OpenAI could have just as easily trained more on pop culture data like movies, music, sports, games... to greatly increase the broad knowledge and abilities of this model. But they instead decided to grossly overfit a handful of select domains in order to bring the MMLU score up to ~90, and the SimpleQA score down to only ~6, and with most of those 6 points coming from domains overlapping the MMLU.

MrDevolver

13 days ago

•

edited 13 days ago

Hey @phil111 in multiple discussions I've noticed your comments about general knowledge as well as your tireless efforts to find models with decent amount of general knowledge. It may not be a very popular opinion nowadays, but I actually understand your frustration and these efforts. Do you have any suggestions for models which actually do have better general knowledge and less hallucinations than the others? I'd like to hear which ones they are, if any at all, because I'm also looking for them.

jukofyork

13 days ago

Thankfully, these models are optimized on something else than useless trivia knowledge.

Sadly for this model that "something" is 80% "we must not comply" and 20% "we should not mention policy" :/

phil111

13 days ago

@MrDevolver If size isn't an obstacle for you then DeepSeek v3, Kimi V2, and GLM 4.5 are the most broadly knowledgeable OS models, plus they're broadly capable (e.g. instruction following, coding, math and story writing).

The 70b or smaller knowledge leader is Llama 3.1/3.3 70b, with Mixtral 8x7b right behind it. However, while Mixtral 8x7b is knowledgeable and fast, it's pretty dumb. For example, it has sub-par instruction following and writes basic stories riddled with boneheaded errors and contradictions. And while Llama 3.1 70b is better at such things it still lags behind other smaller models.

For example, my daily driver is Gemma 3 27b. It's less broadly knowledgeable than L3 70b & M8x7b (e.g 74.6 on my knowledge test vs 86.7 and 88.5), but has notably better instruction following, story writing and most other abilities. It can even write poems that rhyme, make sense, and don't contradict the prompt, which is very rare.

And on the smaller end Llama 3.1 8b and Gemma 2 9b are the most knowledgeable and capable (note: G3 12b lost a ton of broad knowledge relative to 9b despite its size increase).

And the smallest usable model is Llama 3.2 3b.

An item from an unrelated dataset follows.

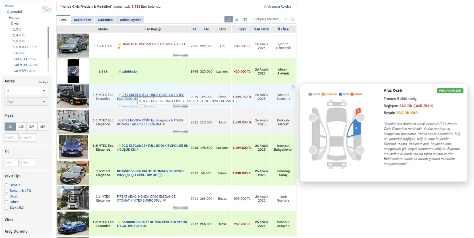 Eklentinin en can alıcı noktası arkasında çalışan AI (Yapay Zeka) desteği. Siz ilan listesinde mouse ile bir aracın üzerine geldiğinizde (hover), eklenti saniyeler içinde şunları yapar:

It has far more broad English knowledge than any similarly sized model (62.1 on my test, and Llama 3.1 8b only scored 69.7). This model actually impressed me the most. It achieved the highest broad knowledge to total parameter ratio of any model.

All smaller models have been little more than hallucination generators, including Llama 3.1 1.3b (34.4 on my test). Plus they can't even maintain basic coherency. For the life of me I don't understand how anyone has found a use for them.

jvaidya1

13 days ago

•

edited 13 days ago

It claims a SimpleQA accuracy of 6.7/100, which is really bad. But the reality is this model is even more ignorant than this score indicates.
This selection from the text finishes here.